Update:
All I want is, when the signal is higher than reference voltage, LEDs to light up(brightly).
For this, I was planning to use an op-amp as comparator (left circuit) but everybody told me to use a comparator instead. However there is some differences between operating of these two devices which confused me. I have drawn(on the right) the way I think it should be with a comparator after my readings. But I am not sure.
If you think I can use an op-amp comparator (left circuit), then I noticed that with GND connected to -Vcc terminal of this op-amp, the current flows through LEDs even the signal is lower than Vref.

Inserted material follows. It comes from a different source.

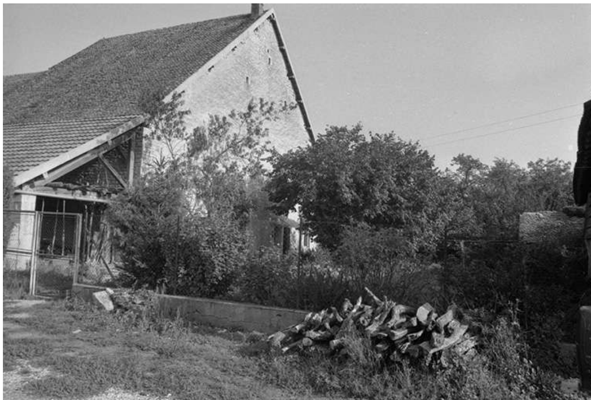
Ferme cadastrée 1969 AB 68 : façade antérieure.

I would expect the output to be 0 V and so no current flows through the LEDs. However this is not the case. You can also to explain this to me.
LM741 is not a must component, I know it is a very ancient op-amp but I am so stuck in these concepts that not able to choose another one.
simulate this circuit – Schematic created using CircuitLab
Original question:
I am a little bit confused about the usage of LM393.
Is this comparator IC somehow different than opAmp comparators? For them, I was able to understand easily because the load was directly connected to output. So when V+ > V-, the output goes high and when V- > V+ output goes low. Just like below,
But for this LM393, it looks different. I have read some:
If the voltage at the inverting terminal is greater than the voltage at the noninverting terminal, then the output of the op amp will be drawn down to ground, allowing electricity to flow from VCC to ground, turning on the output device. If the voltage at the inverting terminal is less than at the noninverting terminal, then the output of the op amp stays at VCC allowing no electricity to flow, since there is no electric potential difference across the output device.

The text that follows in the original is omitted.